● Task brief: In the records below, find the line with "chất tham khảo." and repeat exactly every line from it through the line with "한겨울에 난방도 끈기고 라면 한그릇에 끼니를 떼운다.". Pictures stay out.

● Supplied records:
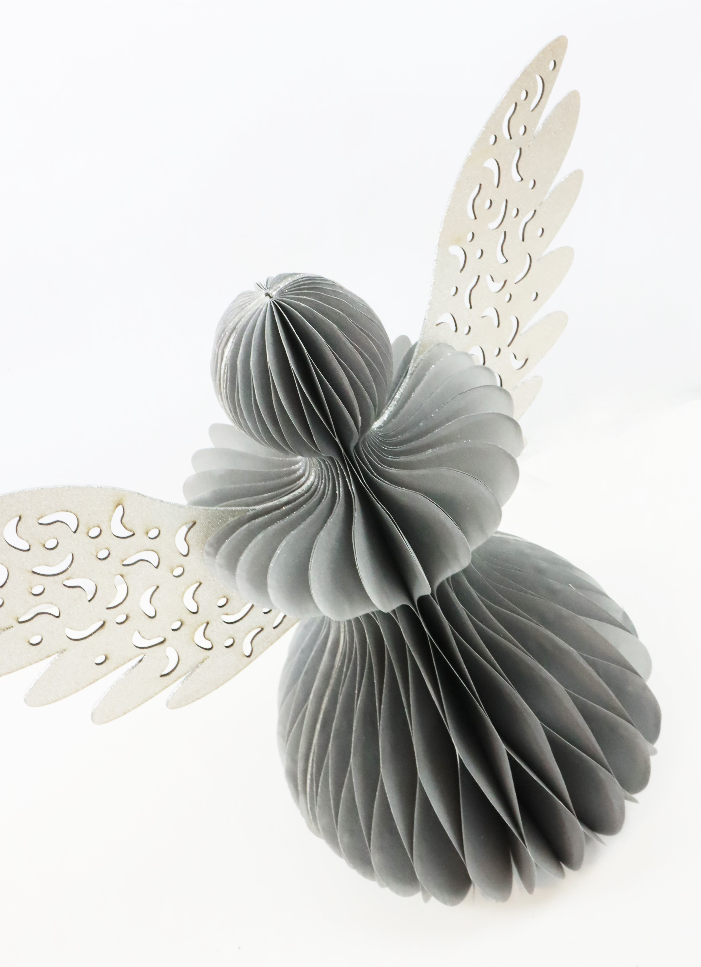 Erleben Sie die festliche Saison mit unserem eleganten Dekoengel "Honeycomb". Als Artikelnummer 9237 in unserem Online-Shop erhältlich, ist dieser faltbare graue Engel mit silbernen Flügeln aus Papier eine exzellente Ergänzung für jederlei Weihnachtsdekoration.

--

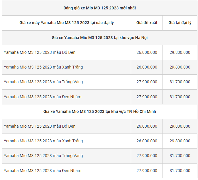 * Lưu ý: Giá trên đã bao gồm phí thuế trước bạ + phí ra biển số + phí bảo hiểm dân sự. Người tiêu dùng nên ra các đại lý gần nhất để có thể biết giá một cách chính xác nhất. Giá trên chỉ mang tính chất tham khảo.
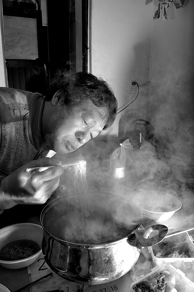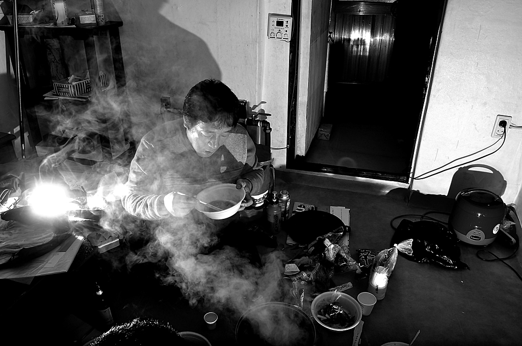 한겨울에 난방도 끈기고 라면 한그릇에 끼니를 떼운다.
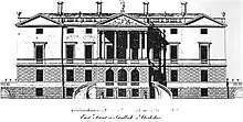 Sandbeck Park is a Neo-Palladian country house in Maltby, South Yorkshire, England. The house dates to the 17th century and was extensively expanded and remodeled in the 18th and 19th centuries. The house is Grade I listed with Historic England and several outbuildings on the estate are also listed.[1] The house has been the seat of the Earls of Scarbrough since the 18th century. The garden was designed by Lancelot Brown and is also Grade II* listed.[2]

==

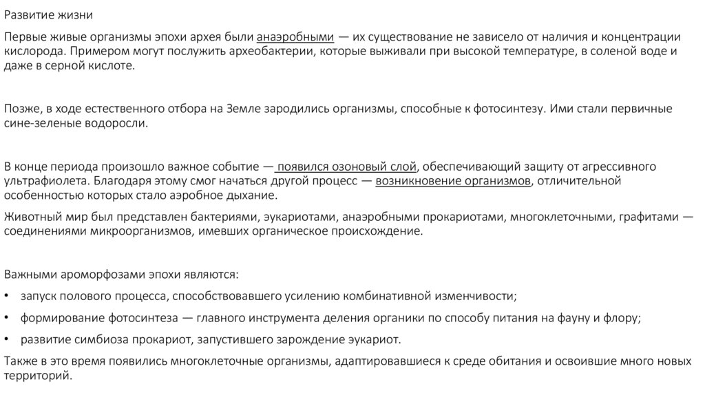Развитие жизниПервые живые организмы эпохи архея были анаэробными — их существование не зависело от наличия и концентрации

● Task output:
 * Lưu ý: Giá trên đã bao gồm phí thuế trước bạ + phí ra biển số + phí bảo hiểm dân sự. Người tiêu dùng nên ra các đại lý gần nhất để có thể biết giá một cách chính xác nhất. Giá trên chỉ mang tính chất tham khảo.
 한겨울에 난방도 끈기고 라면 한그릇에 끼니를 떼운다.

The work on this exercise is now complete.